Para Baerga, la raza no es un dado inmutable, una costura fisiológica. Tampoco hay un solo proceso de racialización ni fórmulas estables de reacomodo y reinterpretación de categorías nominativas como clase o identidad nacional.
En Narciso descubre su trasero no hay un renglón sobre la mujer negra. En el primer tomo, la negra se asocia a la religión como practicante y portadora de creencias y ritos endeudados con la herencia africana, así como en los registros bautismales y matrimoniales.

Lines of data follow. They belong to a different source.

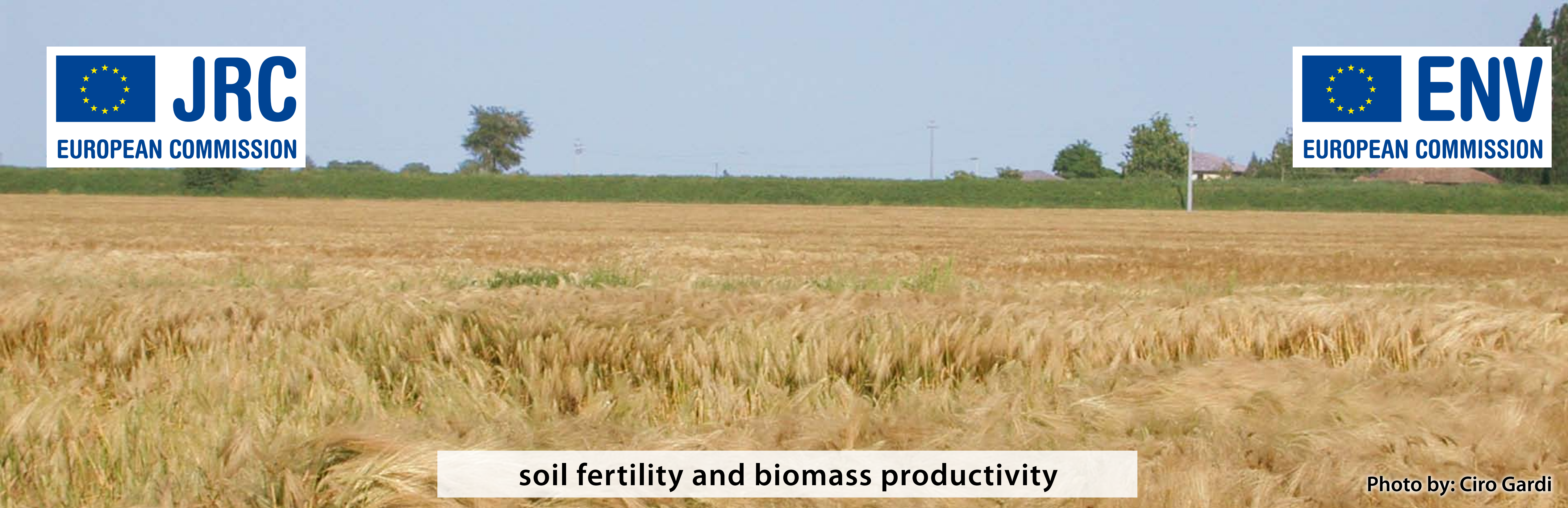
soil fertility and biomass productivity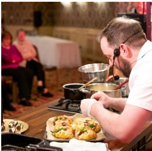
Goats Cheese Arancini with Tomatoe dipping sauce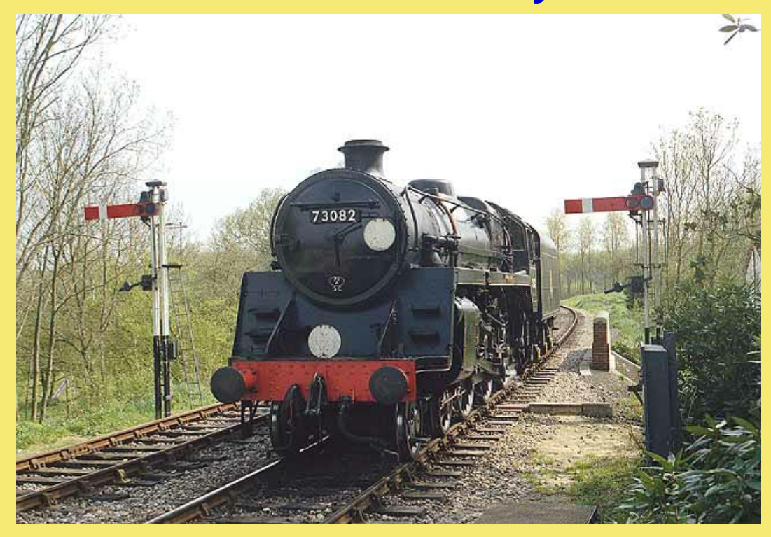
No.73082 "Camelot" at Kingscote Station. The Southern Region used names from withdrawn members of the King Arthur class on its BR Standard Class 5s. Camelot is the only named survivor. (Hiroshi Naito)

La fulguración de sus cuerpos – rechazo y atracción – no aparece como tal hasta el segundo tomo y en tanto suplemento del nuevo Narciso devuelto en sinécdoques: piel, pelo, nariz, labios, nalgas y caderas y olor, el sentido más desconfiable de la cultura occidental. De acuerdo con Zenón, el olor delata la doble negatividad que porta la negra para el blanco: su cercanía a una bestialidad animal y su excesiva sexualización: “Para valer más que una blanca, necesita cualidades extrañas al color y la morfología como es la ‘simpatía’ que depende del carácter” (Tomo II, 89). Importa agregar salud, belleza e inteligencia al cuerpo negro y forjar un archivo alterno de su cultura e historia como digno cimiento y representante de la búsqueda de un alma nacional, una tarea de restitución crítica y afectiva distante del “cariño mimoso” de Blanco.

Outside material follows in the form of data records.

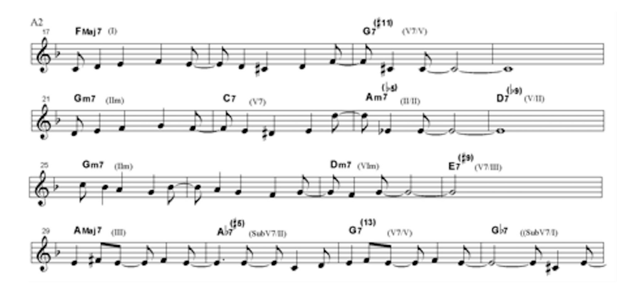
Figure 6: Songbook Tom Jobim, part A2, measures 17-32.

In the exposition of the first theme (A1, measures 1-16), in the last two notes of the melody in measure 6, there is a melodic interval of a descending minor 6th between the notes E and C. This creates, in the melody, the third (the note C) of the A half-diminished chord. In measure 22, the second time in which the melody is presented, there is a modification in the melody. The last note of the measure is the note D, which creates the interval of a descending major seventh, the 11th of the A half-diminished. In the version on Jazz samba , this modification is not present, nor in the books Real Book (manuscript) or The New Real Book . There the written parts possess a repeat sign indicating the same A. Other recordings cited here repeat the Jazz Samba version: the recordings of Sérgio Mendes e Bossa Rio , of Ella Fitzgerald from 1962 ( single ) and the LP Ella Abraça Jobim from 1981. In this excerpt (measures 22-23), the singer Pat Thomas sings according to the original version.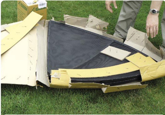
The 4 parts of the reflector are protected with cardboard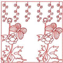
V-Butterfly-Design - 4in.vip 3.94x3.90 inches; 5,301 stitches 1 thread changes; 1 colors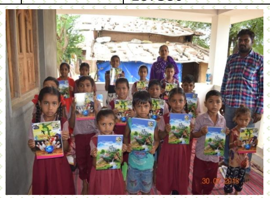
Educational Tour for School Children:

GMDC, Rajpardi has provided fund of Rs 52000/- for educational tour of students of 5 primary schools.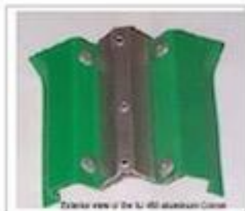
Aluminum Corners for Long Life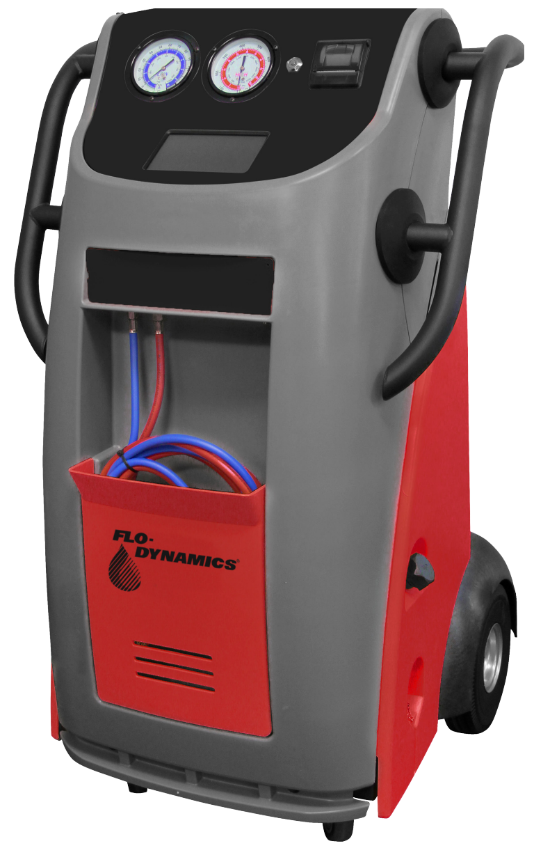
Model FFX134A (R134a)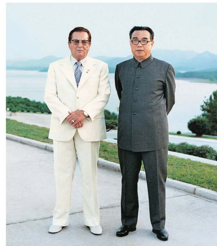
Kim Il Sung posing for a photo with Josip Broz Tito, President of the Socialist Federal Republic of Yugoslavia [August Juche 66 (1977)]

As it maintains independence in working out external policies and settling international issues, never tolerates any attempts to either violate or infringe upon the country's sovereignty, however trifle they may be, and resolutely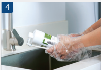
4 Filter backwash / flushing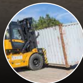
8. LIFT OVERRIDE PROTECTION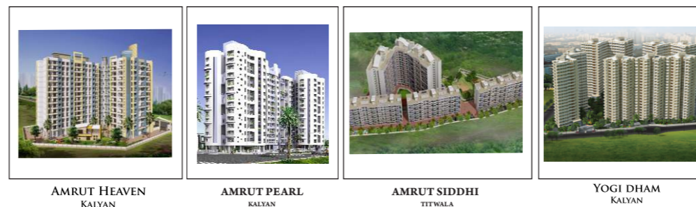
AMRUT HEAVEN KALYAN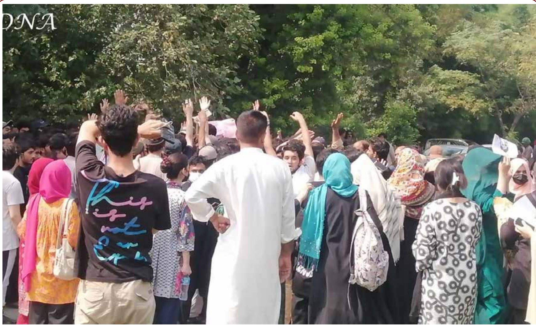
ISLAMABAD: Students and families are protesting against alleged irregularities in the examination process of PIMS Dental Medical College in G-8. They claim that the college administration promoted undeserving students, while those who met the criteria were overlooked. The protesters are urging higher authorities to investigate the matter, as they believe the future of hundreds of students is at risk.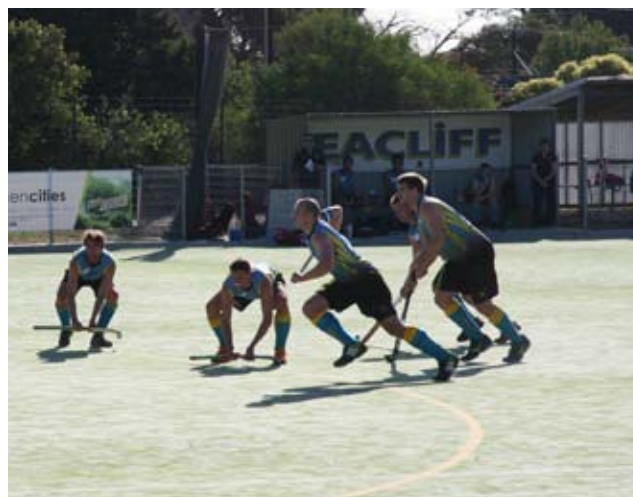
Seacliff Premier League Men 3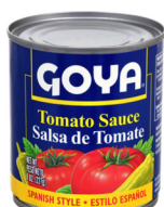
TOMATO SAUCE GOYA 48 / 8 OZ #524802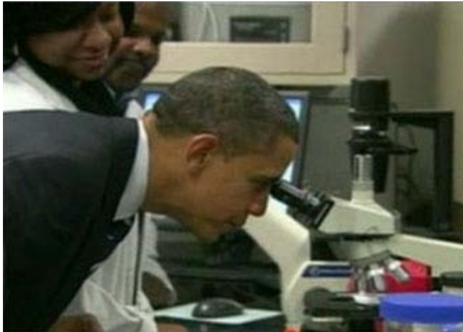
President Barack Obama looks through a microscope Dec. 6 at Forsyth Technical Community College.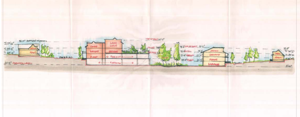
Site Section through Porter Road and Powers Avenue

achieve the proposed maximum height without overwhelming the surrounding area. A site section that illustrates the proposed building height in relation to existing structures on Porter Road and Powers Avenue is included with the SP and shown below.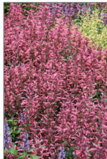
Summerlong Coral Hyssop flowers

Summerlong Coral Hyssop is recommended for the following landscape applications;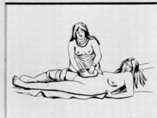
RECUMBENT POSTURE ASSISTANT APPLYING PRESSURE WITH HOT BRICKS PHILIPPINE ISLANDS Wiedemann. Histoire des Accouchements. p. 401.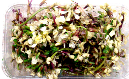
Organic Rocket Flowers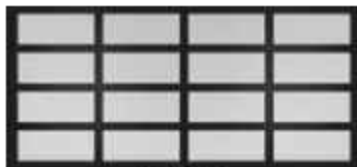
AX/AXU Double car door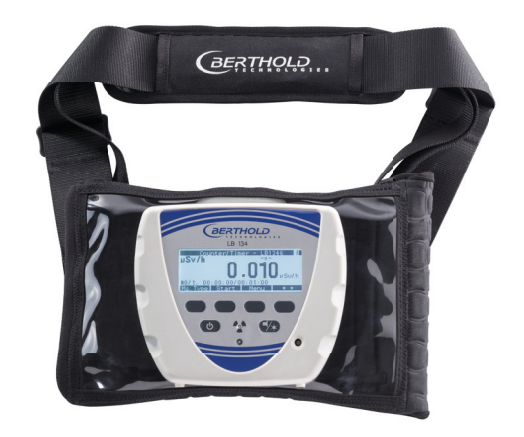
Figure 9: A practical bag with carrying strap is available for the LB 134.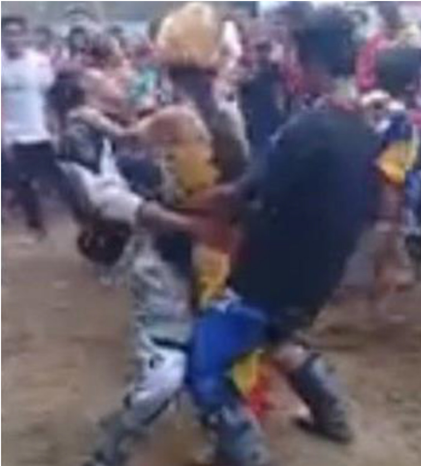
Figure 2. performance of joged bumbung dance along with the pengibing. The fuss is about the behavior of the pengibing which is considered excessive. They hugged the dancer from front and back, then moved their bodies like they were doing sexual intercourse 6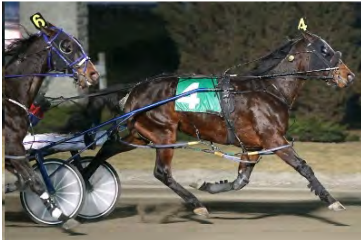
Kindofabigdeal takes the first of two Snowshoe Series

The Snowshoe Series final appeared to be wide-open on paper, as seven different horses won divisions during the first two legs.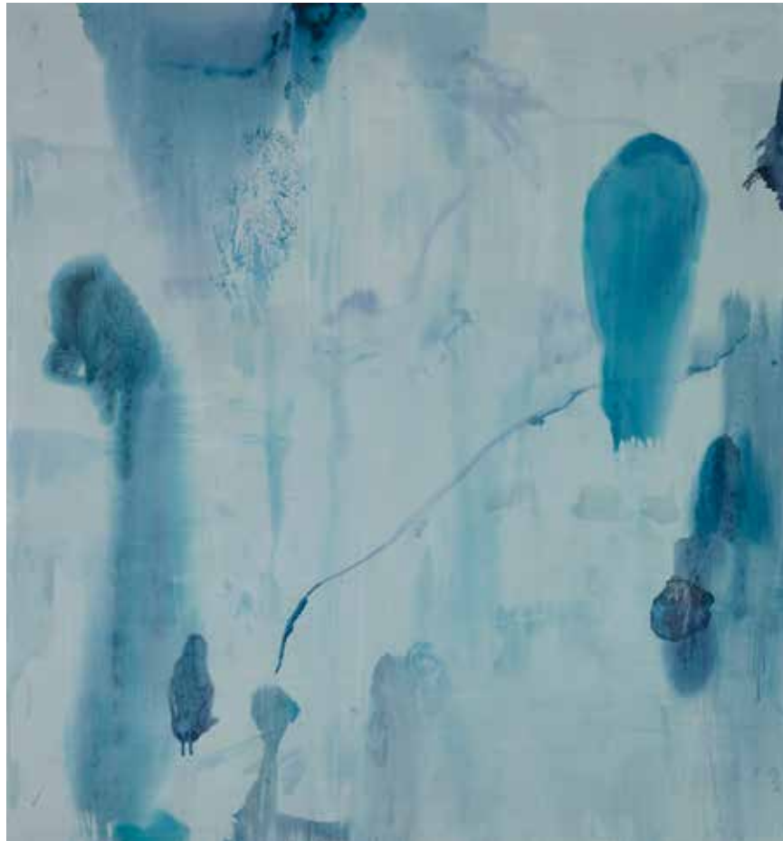
Teal Daylight, 2010 acrylic on canvas 68 x 63 inches

Lo cierto es, que, a pesar de la ausencia de especificidad de la mujer negra en Narciso, la misma está presente a través de autoras, sobre todo en su amplio repertorio de poesía popular o como tópico. Este repertorio lo presenta como “corrección” a dos ensayistas que dominan la crítica en el siglo XX: Margot Arce y María Teresa Babín. Para Zenón el gesto inclusivo de ambas se contradice al reproducir, veladamente, el prejuicio racial de la élite letrada patriarcal.
Impertinentes
Aunque disidentes, los ensayos de Blanco y Zenón comparten una trama: enmascarar o desenmascarar el prejuicio racial en propuestas de una puertorriqueñidad orgánica que reivindicaría las cicatrices supurantes de la esclavitud y la abolición. Son ya referentes obligados en la creación y la investigación en el siglo XXI. Sin embargo, los deslindes de la ensayística actual se asientan en un campo diferencial, enfatizando las tachaduras y subordinaciones de la anterior.

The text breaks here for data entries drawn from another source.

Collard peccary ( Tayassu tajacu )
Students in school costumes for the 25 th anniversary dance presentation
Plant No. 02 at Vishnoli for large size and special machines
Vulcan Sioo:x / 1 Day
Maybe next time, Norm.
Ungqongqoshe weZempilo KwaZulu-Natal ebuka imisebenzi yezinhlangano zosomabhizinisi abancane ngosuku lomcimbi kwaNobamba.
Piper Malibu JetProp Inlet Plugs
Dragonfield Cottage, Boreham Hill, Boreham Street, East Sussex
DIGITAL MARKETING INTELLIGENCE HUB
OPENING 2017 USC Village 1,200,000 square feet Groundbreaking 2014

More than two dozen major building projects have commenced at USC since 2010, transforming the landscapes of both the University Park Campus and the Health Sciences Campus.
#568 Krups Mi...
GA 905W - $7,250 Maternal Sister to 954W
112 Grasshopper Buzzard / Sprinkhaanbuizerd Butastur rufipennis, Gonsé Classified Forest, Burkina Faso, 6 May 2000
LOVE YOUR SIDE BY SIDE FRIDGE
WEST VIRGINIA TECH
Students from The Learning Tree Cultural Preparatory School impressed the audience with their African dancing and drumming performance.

Aíslo tres libros de una bibliografía cada vez mayor: de la historiadora María del Carmen Baerga, Negociaciones de sangre: dinámicas racializantes en el Puerto Rico decimonónico (Ediciones Iberoamericana Vervuet / Callejón, 2015); de la crítica Zaira Rivera, Bajo la sombra del texto. La crítica y el silencio en el discurso racial en Puerto Rico (Editorial Terranova, 2016) y de la narradora Marta Aponte, PR 3 Aguirre (Sopa de Letras, 2018). Como la piel que precede a la carne, sus portadas son umbral interpretativo en el que las ausentadas regresan, hacen bulto, y me dan pie para la reflexión.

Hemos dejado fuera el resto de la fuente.